6. Select the best (or highest ranked) alternative.
7. Evaluate the effectiveness of the decision
This is a very solid decision making model. If you want to buy a house, or a car, or make a strategic decision in your business, follow this model. However, before you copy this list, laminate it, and put it in the pocket of your turnout coat there’s something you should know. This model doesn’t work well at emergency scenes!
To understand why this model does not work well, let’s take a brief look at your brain anatomy and function. The human brain has two halves. These halves are formally known as hemispheres.
Your left brain is your rational brain. The neurons of your left brain are your resident expert analytical problem solvers. If you’re great at math, enjoy using spreadsheets and generally believe every detail needs to be planned out to the Nth degree, every thing has a proper place and life needs to be orderly – you are a predominately left-brained person.
Your right brain is your creative brain. The neurons of your right brain are your resident free-spirit, happy-go-lucky neurons.
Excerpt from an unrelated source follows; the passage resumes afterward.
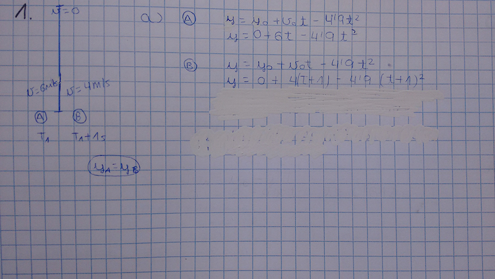 Lanzamos una pelota verticalmente hacia arriba con una velocidad de 6 m/s. Un segundo después, lanzamos otra pelota con una velocidad de 4 m/s en la misma dirección y sentido. Determina:

If you’re great with art, music, making vacation plans on the fly (or better yet just getting in the car and going with no plan at all), your living space is far less than orderly (ok… it’s downright messy) – you are predominately a right-brained person.
A person can be equally left and right brained as well. Just like someone can be ambidextrous – equally left handed and right handed – a person can also have equally strong left and right brain functions where neither dominates. (Note: There is no correlation between being left/right brain dominant and left/right handed. For example, if you’re left-brained and left-handed, that is purely coincidental).
Both hemispheres are used in the process of making good and bad decisions. In fact, it would not be possible to “turn off” the influence of either side of your brain. However, there is something that can influence brain behavior and impact the way you think, decide and act. That “something” is stress. And more specifically, stress related to fear. And even more specifically, fear related to threats that endanger your survival.
Brain function changes as a result of stress, caused fear, in the presence of threats to survival. This is precisely the environment in which first responders operate. It is important to understand your stressed brain doesn’t function the same was as your non-stressed brain. This means you will think, and act, differently when you are under incident scene stress when compared to how you think and act while in a relaxed environment.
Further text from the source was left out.